[EXERCISE MATERIALS — start]

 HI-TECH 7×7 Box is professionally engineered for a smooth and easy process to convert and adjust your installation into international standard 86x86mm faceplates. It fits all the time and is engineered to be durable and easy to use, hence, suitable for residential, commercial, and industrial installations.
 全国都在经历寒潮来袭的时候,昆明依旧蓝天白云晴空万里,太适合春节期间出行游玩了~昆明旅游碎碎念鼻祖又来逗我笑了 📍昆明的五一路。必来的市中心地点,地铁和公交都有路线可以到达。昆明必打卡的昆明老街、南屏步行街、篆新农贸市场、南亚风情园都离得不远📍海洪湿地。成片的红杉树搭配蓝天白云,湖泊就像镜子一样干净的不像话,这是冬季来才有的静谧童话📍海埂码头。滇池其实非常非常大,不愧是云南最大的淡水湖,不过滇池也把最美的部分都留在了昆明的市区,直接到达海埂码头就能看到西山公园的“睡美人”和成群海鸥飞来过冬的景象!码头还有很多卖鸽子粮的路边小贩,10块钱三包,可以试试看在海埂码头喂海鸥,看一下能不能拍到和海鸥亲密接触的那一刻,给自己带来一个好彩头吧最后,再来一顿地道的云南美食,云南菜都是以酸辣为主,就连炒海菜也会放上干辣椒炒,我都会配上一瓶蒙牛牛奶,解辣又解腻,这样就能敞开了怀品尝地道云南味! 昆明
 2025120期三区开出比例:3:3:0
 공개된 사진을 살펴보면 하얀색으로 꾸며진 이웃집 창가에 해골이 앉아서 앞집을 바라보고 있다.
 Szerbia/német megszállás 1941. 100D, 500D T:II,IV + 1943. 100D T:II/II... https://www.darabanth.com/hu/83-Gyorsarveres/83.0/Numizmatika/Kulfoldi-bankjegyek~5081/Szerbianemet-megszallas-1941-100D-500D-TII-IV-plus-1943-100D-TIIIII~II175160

[EXERCISE MATERIALS — finish]

ASSIGNED TASK
The records above must be retyped in full. Keep each one exactly as it is.

EXPECTED OUTPUT
 HI-TECH 7×7 Box is professionally engineered for a smooth and easy process to convert and adjust your installation into international standard 86x86mm faceplates. It fits all the time and is engineered to be durable and easy to use, hence, suitable for residential, commercial, and industrial installations.
 全国都在经历寒潮来袭的时候,昆明依旧蓝天白云晴空万里,太适合春节期间出行游玩了~昆明旅游碎碎念鼻祖又来逗我笑了 📍昆明的五一路。必来的市中心地点,地铁和公交都有路线可以到达。昆明必打卡的昆明老街、南屏步行街、篆新农贸市场、南亚风情园都离得不远📍海洪湿地。成片的红杉树搭配蓝天白云,湖泊就像镜子一样干净的不像话,这是冬季来才有的静谧童话📍海埂码头。滇池其实非常非常大,不愧是云南最大的淡水湖,不过滇池也把最美的部分都留在了昆明的市区,直接到达海埂码头就能看到西山公园的“睡美人”和成群海鸥飞来过冬的景象!码头还有很多卖鸽子粮的路边小贩,10块钱三包,可以试试看在海埂码头喂海鸥,看一下能不能拍到和海鸥亲密接触的那一刻,给自己带来一个好彩头吧最后,再来一顿地道的云南美食,云南菜都是以酸辣为主,就连炒海菜也会放上干辣椒炒,我都会配上一瓶蒙牛牛奶,解辣又解腻,这样就能敞开了怀品尝地道云南味! 昆明
 2025120期三区开出比例:3:3:0
 공개된 사진을 살펴보면 하얀색으로 꾸며진 이웃집 창가에 해골이 앉아서 앞집을 바라보고 있다.
 Szerbia/német megszállás 1941. 100D, 500D T:II,IV + 1943. 100D T:II/II... https://www.darabanth.com/hu/83-Gyorsarveres/83.0/Numizmatika/Kulfoldi-bankjegyek~5081/Szerbianemet-megszallas-1941-100D-500D-TII-IV-plus-1943-100D-TIIIII~II175160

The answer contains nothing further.